Jason Rute (Sep 17 2024 at 23:05):

Hi Olga, I moved your message to a new topic. (I'm not sure if the ProbabilitySpace class is the barrier to defining Brownian Motion.) I also want to link your two PA.SX questions:

Maybe someone more knowledgable like @Jason KY. or @Rémy Degenne can answer.

Jason Rute (Sep 17 2024 at 23:11):

But I think it would also be good to explain why you are looking for Brownian motion in Lean (and that particular definition of it that you gave on PA.SX). If you are new to Lean, I think probability theory might be a tough place to jump in as it gets very subtle. Moreover, Brownian motion depends on a lot of things so it is more likely basic facts about say the normal distribution or about continuous processes have not yet been formalized. (I haven't formalized any probability myself, but I've been around others at IBM working on formalizing it in Coq, and my PhD work was very probability adjacent.) Nonetheless, if you give us some more details about your motivations one of us might be able to help direct you.

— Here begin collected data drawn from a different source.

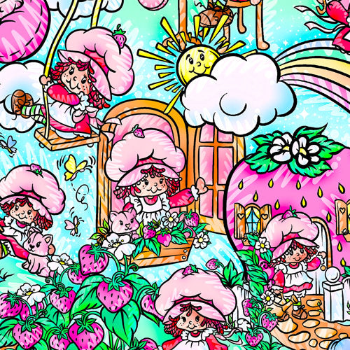 Welcome to the sweetest corner of the 80s! A beloved berry-loving heroine is living her best life in this hand-drawn pattern, complete with her iconic pink bonnet, adorable cat companion, and a garden bursting with strawberries and blossoms. The sketchy black outlines and soft watercolor washes in pink, turquoise, and green capture that vintage storybook charm, while sunny skies, rainbows, and a cozy little cottage add to the whimsical vibe. It's sugary, it's nostalgic, and it's basically a hug from your childhood.
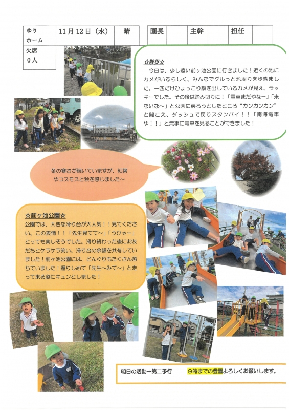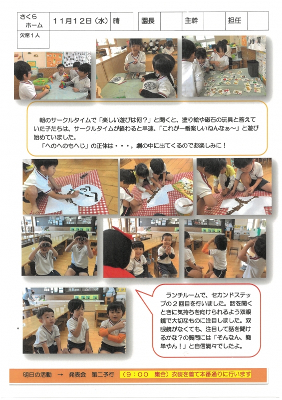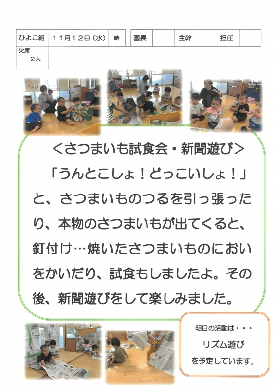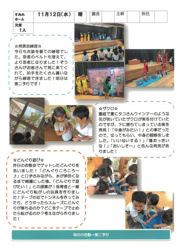 園の一日掲示板 2025年11月12日のクラスの様子 ※画像クリックで拡大します。 ひよこぐみ りすぐみ 準備中 うさぎぐみ 準備中 ゆりホーム さくらホーム すみれホーム ぞう 準備中 2025年度 4月 2025/04/01 2025/04/02 2025/04/03 2025/04/04 2025/04/07 2025/04/08 2025/04/09 2025/04/10 2025/04/11 2025/04/14 2025/04/15 2025/04/16 2025/04/17 2025/04/18 2025/04/21 2025/04/22 2025/04/23 2025/04/24 2025/04/25 2025/04/28 2025/04/30 5月 2025/05/01 2025/05/02 2025/05/07 2025/05/08 2025/05/09 2025/05/12 2025/05/13 2025/05/14 2025/05/15 2025/05/16 2025/05/19 2025/05/20 2025/05/21 2025/05/22 2025/05/23 2025/05/26 2025/05/27 2025/05/28 2025/05/29 2025/05/30 6月 2025/06/02 2025/06/03 2025/06/04 2025/06/05 2025/06/06 2025/06/09 2025/06/10 2025/06/11 2025/06/12 2025/06/13 2025/06/16 2025/06/17 2025/06/18 2025/06/19 2025/06/20 2025/06/23 2025/06/24 2025/06/25 2025/06/26 2025/06/27 2025/06/30 7月 2025/07/01 2025/07/02 2025/07/03 2025/07/04 2025/07/07 2025/07/08 2025/07/09 2025/07/10 2025/07/11 2025/07/14 2025/07/15 2025/07/16 2025/07/17 2025/07/18 2025/07/22 2025/07/23 2025/07/24 2025/07/25 2025/07/28 2025/07/29 2025/07/30 2025/07/31 8月 2025/08/01 2025/08/04 2025/08/05 2025/08/06 2025/08/07 2025/08/08 2025/08/12 2025/08/18 2025/08/19 2025/08/20 2025/08/21 2025/08/22 2025/08/25 2025/08/26 2025/08/27 2025/08/28 2025/08/29 9月 2025/09/01 2025/09/02 2025/09/03 2025/09/04 2025/09/05 2025/09/08 2025/09/09 2025/09/10 2025/09/11 2025/09/12 2025/09/16 2025/09/17 2025/09/18 2025/09/19 2025/09/22 2025/09/24 2025/09/25 2025/09/26 2025/09/29 2025/09/30 10月 2025/10/01 2025/10/02 2025/10/03 2025/10/06 2025/10/07 2025/10/08 2025/10/09 2025/10/10 2025/10/14 2025/10/15 2025/10/16 2025/10/17 2025/10/20 2025/10/21 2025/10/22 2025/10/23 2025/10/24 2025/10/27 2025/10/28 2025/10/29 2025/10/30 2025/10/31 11月 2025/11/04 2025/11/05 2025/11/06 2025/11/07 2025/11/10 2025/11/11 2025/11/12 12月 1月 2月 3月
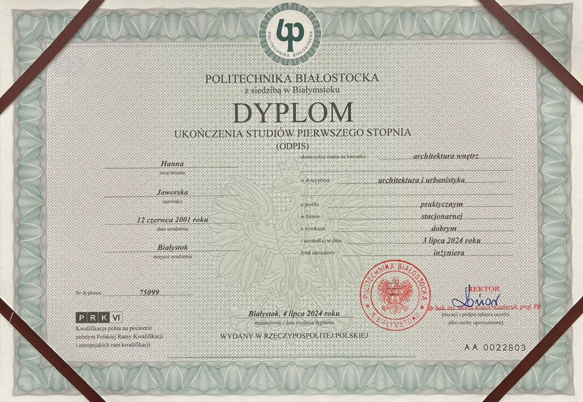 Ukończenie studiów Architektury Wnętrz w 2024 roku, inżynier. W 2023 roku ukończenie Warszawskiej Szkoły Filmowej - spec. Fotografia

Rémy Degenne (Sep 18 2024 at 05:59):

@Peter Pfaffelhuber is working on defining the Brownian motion. Jason is right that there are missing prerequisites (about characteristic functions and Gaussian measures notably, as well as the Kolmogorov-Chentsov theorem), and Peter is working on adding those. I agree with Jason that the existence or not of a ProbabilitySpace class is not very relevant.

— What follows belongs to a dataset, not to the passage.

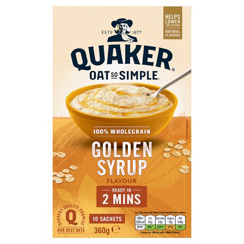 Quaker Oat So Simple Golden Syrup is a healthy, tasty and convenient breakfast cereal blending sweet golden syrup with 100% Quaker rolled oats. It will warm you up in the morning and also keep you going until lunch!
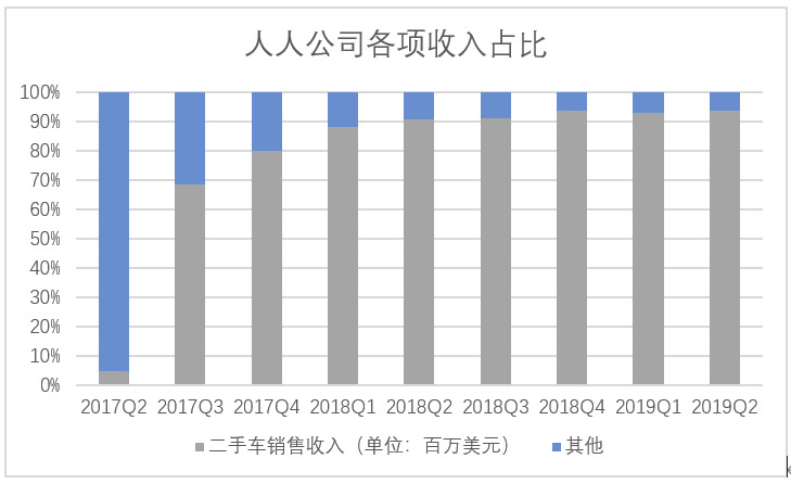虽然在公司官网的介绍中,人人公司“聚焦行业互联网,围绕房地产、汽车两大领域,业务板块主要包括二手车业务、海外SaaS业务”,但从财报中可以看出,2018年11月14日,人人公司以2000万美元将人人社交网络全部资产出售给北京多牛互动传媒股份有限公司后,其营收来源日渐单一,几乎是一家纯二手车公司。

Rémy Degenne (Sep 18 2024 at 06:25):

Also if you want to work on things for which you need a Brownian motion, you can just assume it exists. Create a def for it with sorry, write lemmas with proofs sorry for its main properties, and go on from there.

Peter Pfaffelhuber (Sep 18 2024 at 11:51):

Hi Olga! Yes, we (i.e. @Jakob Stiefel and myself) are working in this. We are following
this route. Jakob has finished Proposition 1.3 (no PR yet), but Kolmogorov-Chentsov is completely open. Could you write a bit about your plans?

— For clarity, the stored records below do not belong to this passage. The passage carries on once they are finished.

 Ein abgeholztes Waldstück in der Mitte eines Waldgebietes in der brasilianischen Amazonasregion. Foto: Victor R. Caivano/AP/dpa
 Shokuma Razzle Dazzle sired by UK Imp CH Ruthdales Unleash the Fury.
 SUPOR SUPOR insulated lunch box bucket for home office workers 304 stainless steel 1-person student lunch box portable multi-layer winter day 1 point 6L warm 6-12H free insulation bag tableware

Jason Rute (Sep 18 2024 at 14:13):

@Olga Ponomarenko I realize we haven’t been tagging you in this thread. Please see the above conversation.

Jason Rute (Sep 18 2024 at 14:15):

Also, for other people here, is it even possible to define the rest of @Olga Ponomarenko’s theorem (in her PA.SX post mentioned above) besides the Brownian motion part? Or are there definitions missing there such as “normally distributed”.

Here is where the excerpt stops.